Yes! I think there is. In a scriptural understanding of what it means to be a human being, there are all sorts of ways we can grow and change. Some of those changes are the development of what God planted in us as seeds of our flourishing, and some of those changes are redemptive work of fixing and transforming things that are broken within us. I think trans people are no different in that respect.
What do you want the readers of The Living Church to know about you, or about the seminary, that I haven’t asked you about? And what gives you hope?
The seminary is working on building Beloved Community. This is Episcopal Church language for the racial justice and reconciliation work that we want to be doing. But it’s bigger than just that. It goes to broader questions around ethnicity and sexuality or other ways in which we do, or do not, create a space of belonging for those who are different from ourselves. We have taken very seriously our calling to model a space of holy belonging for everyone who becomes a part of this community: faculty, staff, and students.

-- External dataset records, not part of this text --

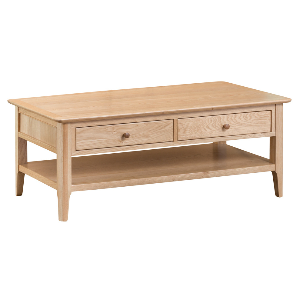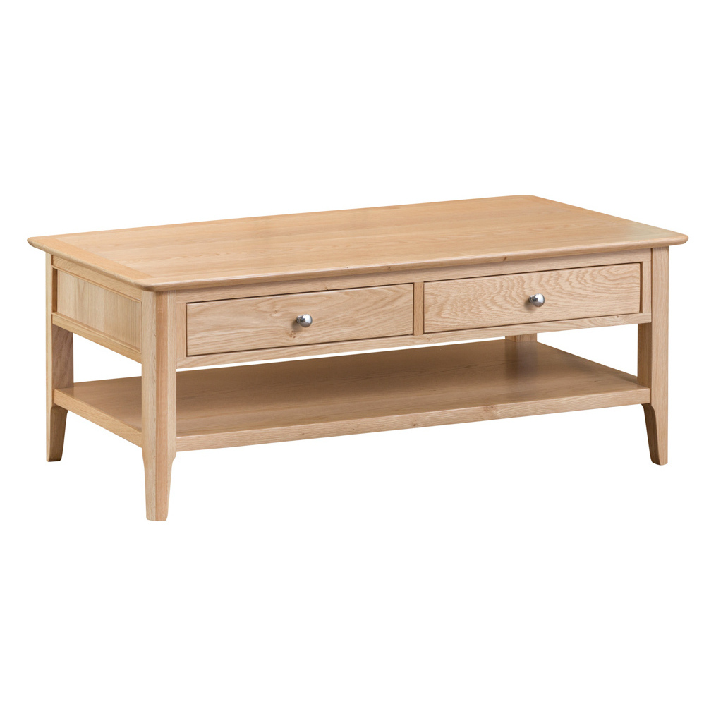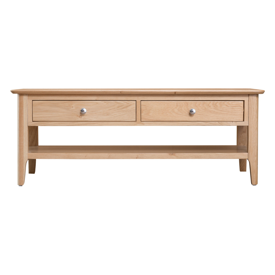 Low and wide, the Sadie Large Coffee Table is the perfect piece for a simple, charming centre piece, plus an abundance of additional storage. Boasting a versatile light oak tone, smooth finish, an open lower shelf and two slim sliding drawers with the choice of either wooden or chrome handles. Crafted in quality materials for a charming, sturdy piece that lasts. Featuring an open 16cm lower shelf for additional display and storage. Two slim sliding drawers to hide and store. Comes with a choice of wooden or chrome handles. Wide and low, for the ultimate in length and storage. Supported by sturdy oak legs for the ultimate support. Matches the entire Sadie range.
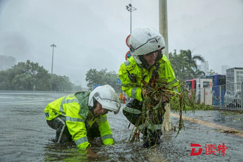 但是,眼前的情況,他們無(wú)法視而不見(jiàn)。深鹽二通道下方,羅沙路羅湖公安分局調(diào)頭口處,當(dāng)艾力軍經(jīng)過(guò)這里時(shí)發(fā)現(xiàn)由于地勢(shì)低洼路面已經(jīng)嚴(yán)重積水,他們馬上停下車(chē),疏通下水道。一行人在風(fēng)雨中走進(jìn)機(jī)動(dòng)車(chē)道,沿著路邊只能用手在積水中摸索排水口的位置,將阻塞入水口的樹(shù)枝樹(shù)葉掏出來(lái)。但風(fēng)急雨驟,道路積水水位剛下降一點(diǎn),剛被清理的下水道又堵樹(shù)葉、樹(shù)枝等雜物堵上,他們只好不斷地進(jìn)行著重復(fù)的動(dòng)作。而此時(shí),臺(tái)風(fēng)“山竹”距離深圳接近130公里,羅湖片區(qū)測(cè)得最大陣風(fēng)達(dá)16級(jí)。
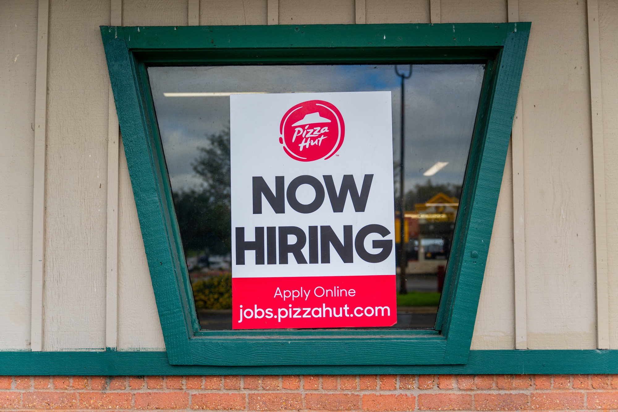一家必胜客餐厅的窗户上展示着“招聘中”的标志。
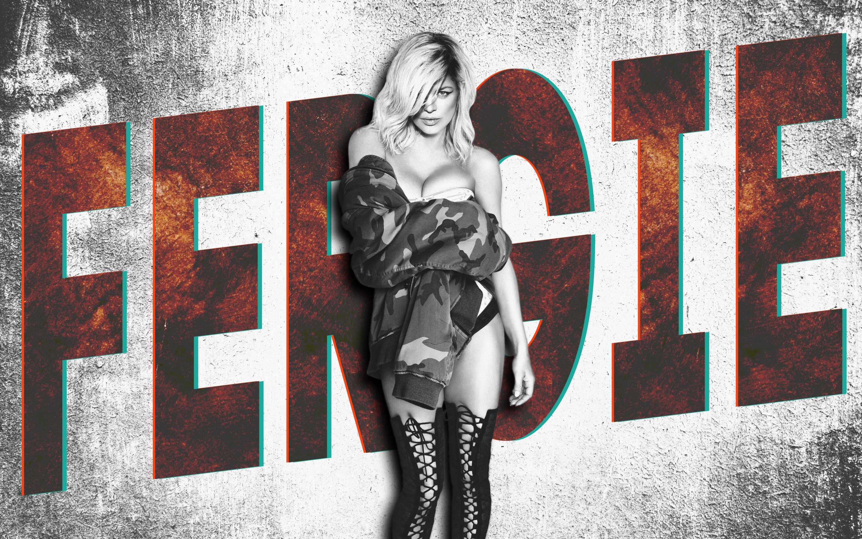Description: A woman in a dress and stockings standing in front of a wall with the word fence on it.
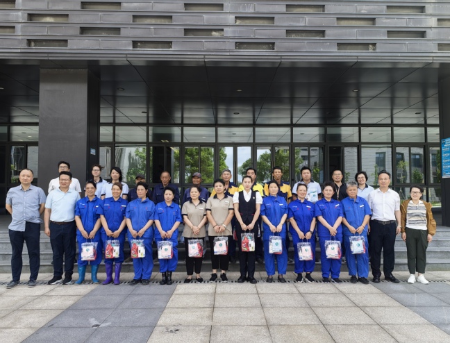 校領導一行先后前往招生錄取現場、三期建設工地、校園門崗、學生宿舍以及食堂等區域,詳細了解暑期工作進展和員工生活保障情況,并為大家送上清涼禮包。
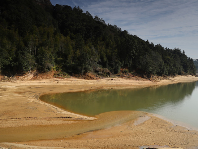 在泰宁汽车站可以坐大巴前往大金湖,在自助购票机或者现场都能买票。7点半开始,每一小时有一班车,过去也只要二十分钟左右的车程。我们坐了8点半的车,到景区游船码头也不到9点。司机会让大家记下电话,等到船要回程的时候可以打电话给司机回来接。走两步去游客中心买票等着排队上船。一共有两条路线可以选择,A路线3.5小时,163元;B路线是深度游,要6小时,两百多块。我们买了A路线。本以为可以赶得及9点的船,但是9点不开,只能等9点半的。稍作休整,去前面的打卡点拍几张游客照。

Part of what gives me hope is that I see us doing that well. It’s an ongoing process. We’re really concerned about polarization and really concerned to be a place that models good conversation across theological and political difference. We don’t want to be a one-note seminary where we assume everybody is either going to line up in a conservative way or line up in a liberal way.
When our students go back to their various parish settings, some of those places lean more conservative, some lean more liberal. We want them to have the resources for a rich and vital and theological conversation that affirms everyone’s voice, and also affirms some basic things about being a place where we respect the dignity of every human being.